## Task prompt
Only the text of the records belongs in the answer; the pictures must be dropped.
[[ Source material open ]]
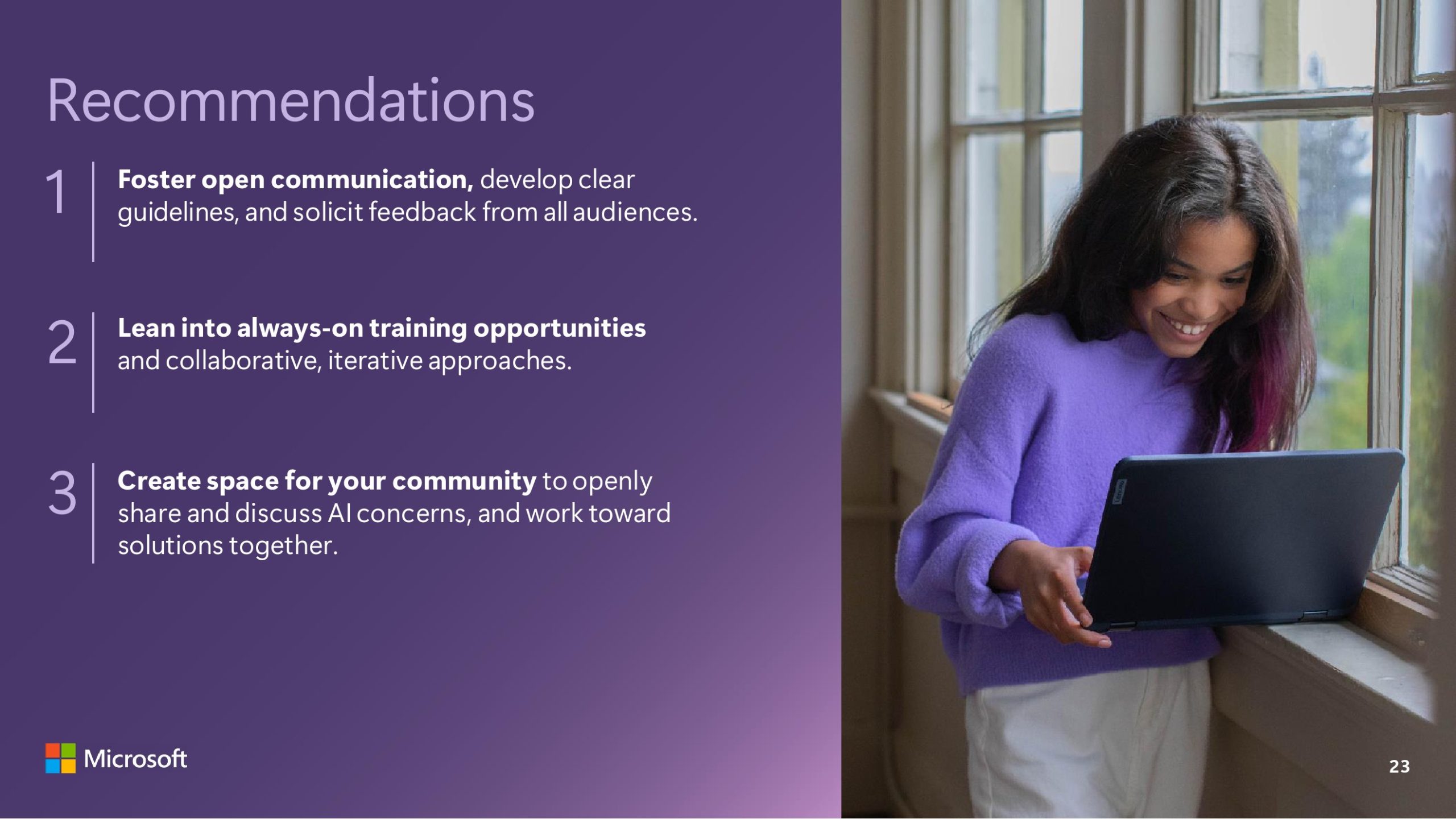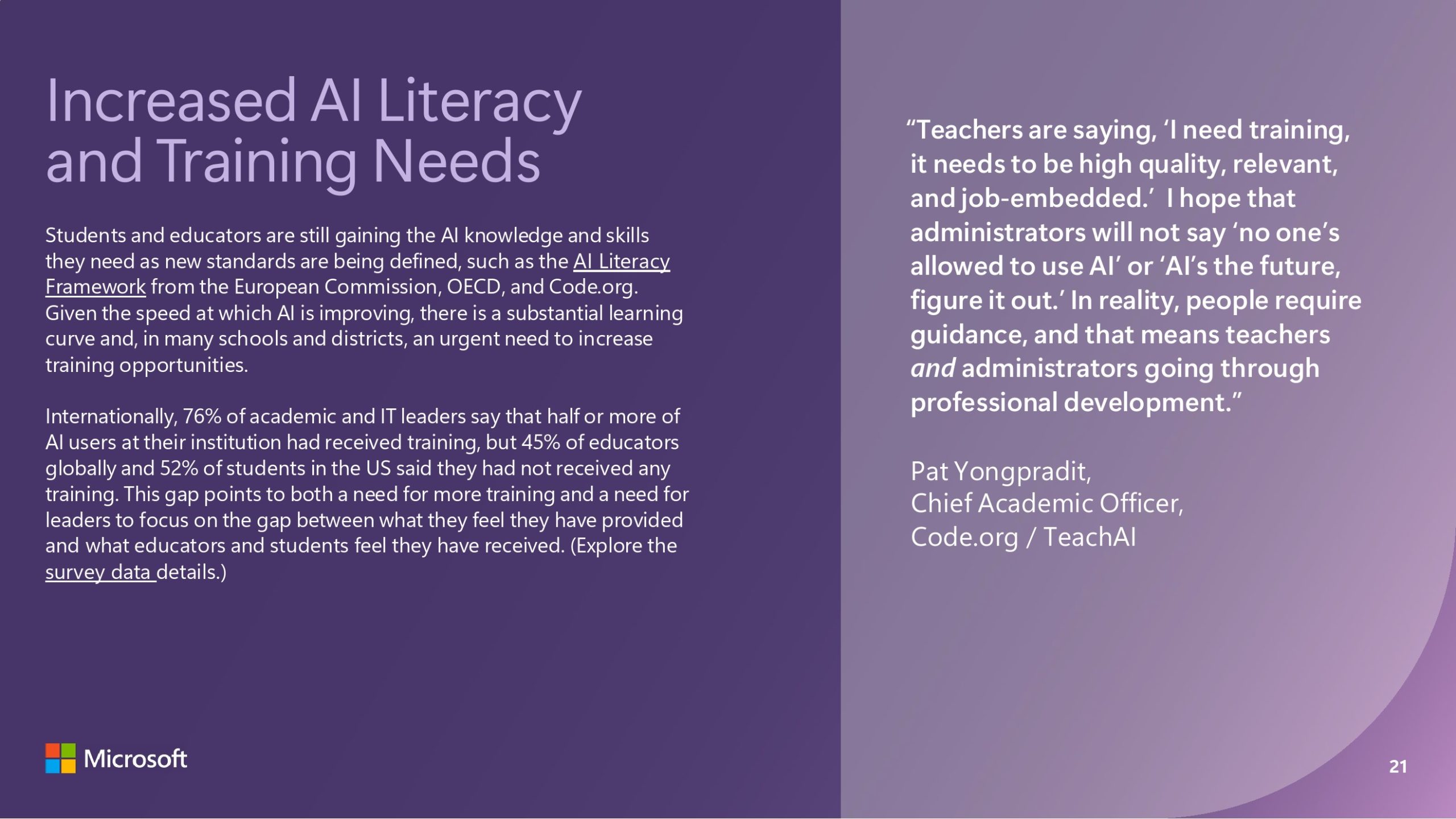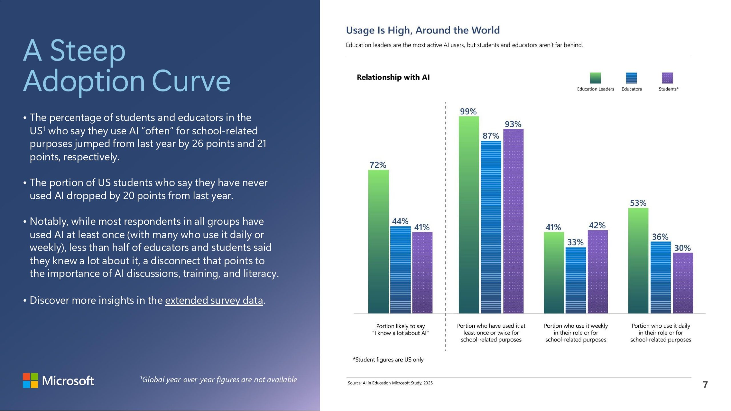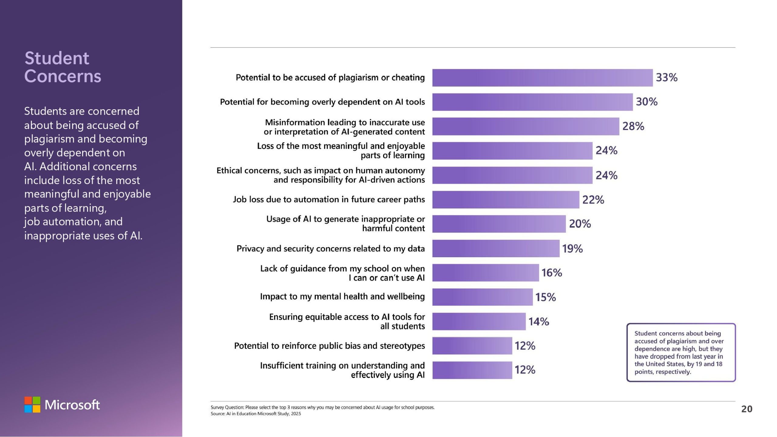 尽管各群体对 AI 的熟悉度和使用率都很高,但担忧仍然存在,诸如素养差距、对 AI 使用方式和时机的不同看法,以及缺乏培训等障碍凸显了支持的必要性。领导者、教育工作者和学生必须共同努力弥合分歧、同步学习并实时调整,这一点至关重要。
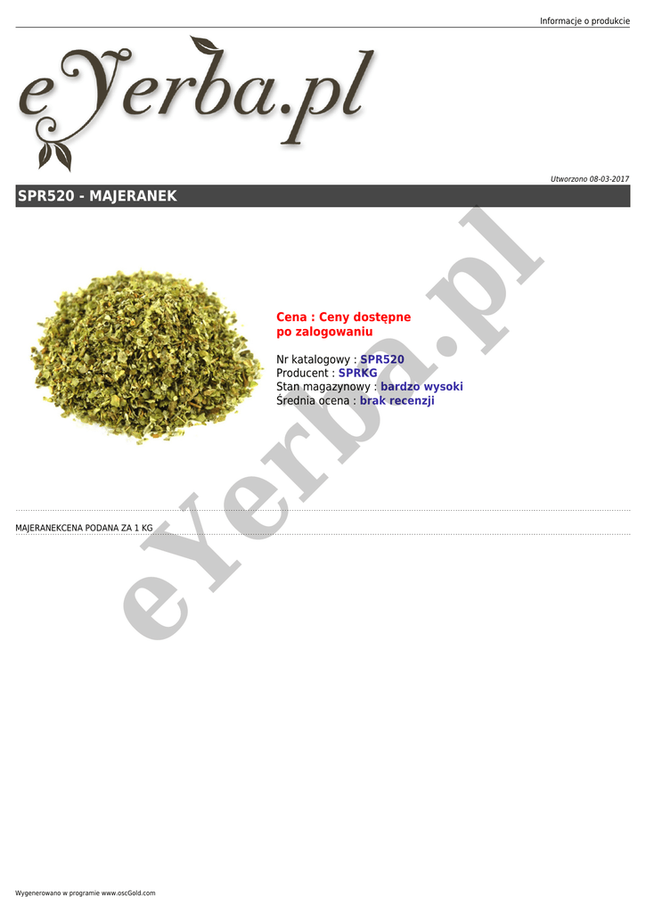Informacje o produkcie Utworzono 08-03-2017 a. pl SPR520 - MAJERANEK Cena : Ceny dostępne po zalogowaniu er b Nr katalogowy : SPR520 Producent : SPRKG Stan magazynowy : bardzo wysoki Średnia ocena : brak recenzji eY MAJERANEKCENA PODANA ZA 1 KG Wygenerowano w programie www.oscGold.com
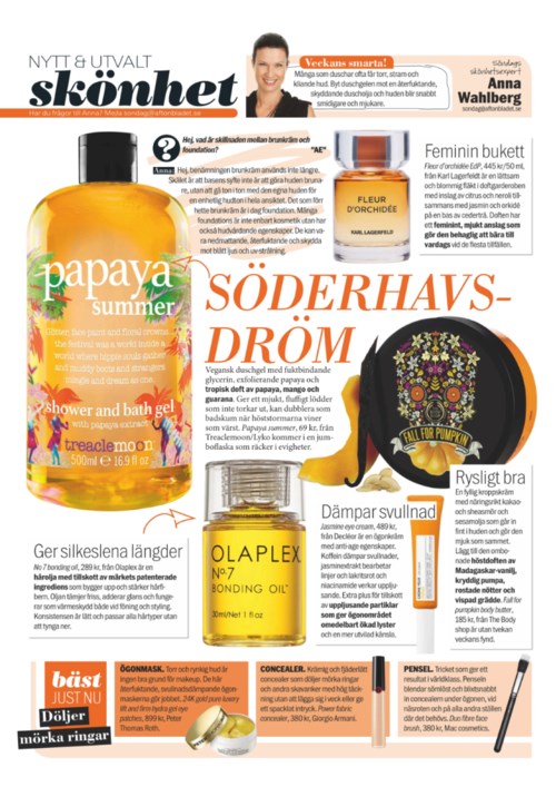 Aftonbladet Söndag recenserar treclemoon's nya doft Papaya Summer som en "Söderhavsdröm", vad tycker du? 💕😎1 produkt i inlägget Aftonbladet Söndag1309 visningar- Inlägget skapades 6 årHar ni provat vår nya storsäljare Papaya summer, ännu? Utmärkt så här när kylan kryper på. Njut av sommaren igen i badet eller duschen ❤️242 visningar
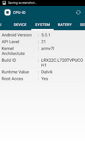 - SYSTEM: Android version, API level, kernel, Build ID, Root Acces, etc.
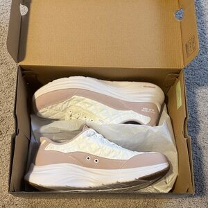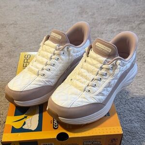 Stylish and comfortable Skechers slip-ons. Light pink and white design. Perfect for casual outings. Brand new in the box.
[[ Source material closed ]]
## Answer to this problem
 尽管各群体对 AI 的熟悉度和使用率都很高,但担忧仍然存在,诸如素养差距、对 AI 使用方式和时机的不同看法,以及缺乏培训等障碍凸显了支持的必要性。领导者、教育工作者和学生必须共同努力弥合分歧、同步学习并实时调整,这一点至关重要。
Informacje o produkcie Utworzono 08-03-2017 a. pl SPR520 - MAJERANEK Cena : Ceny dostępne po zalogowaniu er b Nr katalogowy : SPR520 Producent : SPRKG Stan magazynowy : bardzo wysoki Średnia ocena : brak recenzji eY MAJERANEKCENA PODANA ZA 1 KG Wygenerowano w programie www.oscGold.com
 Aftonbladet Söndag recenserar treclemoon's nya doft Papaya Summer som en "Söderhavsdröm", vad tycker du? 💕😎1 produkt i inlägget Aftonbladet Söndag1309 visningar- Inlägget skapades 6 årHar ni provat vår nya storsäljare Papaya summer, ännu? Utmärkt så här när kylan kryper på. Njut av sommaren igen i badet eller duschen ❤️242 visningar
 - SYSTEM: Android version, API level, kernel, Build ID, Root Acces, etc.
 Stylish and comfortable Skechers slip-ons. Light pink and white design. Perfect for casual outings. Brand new in the box.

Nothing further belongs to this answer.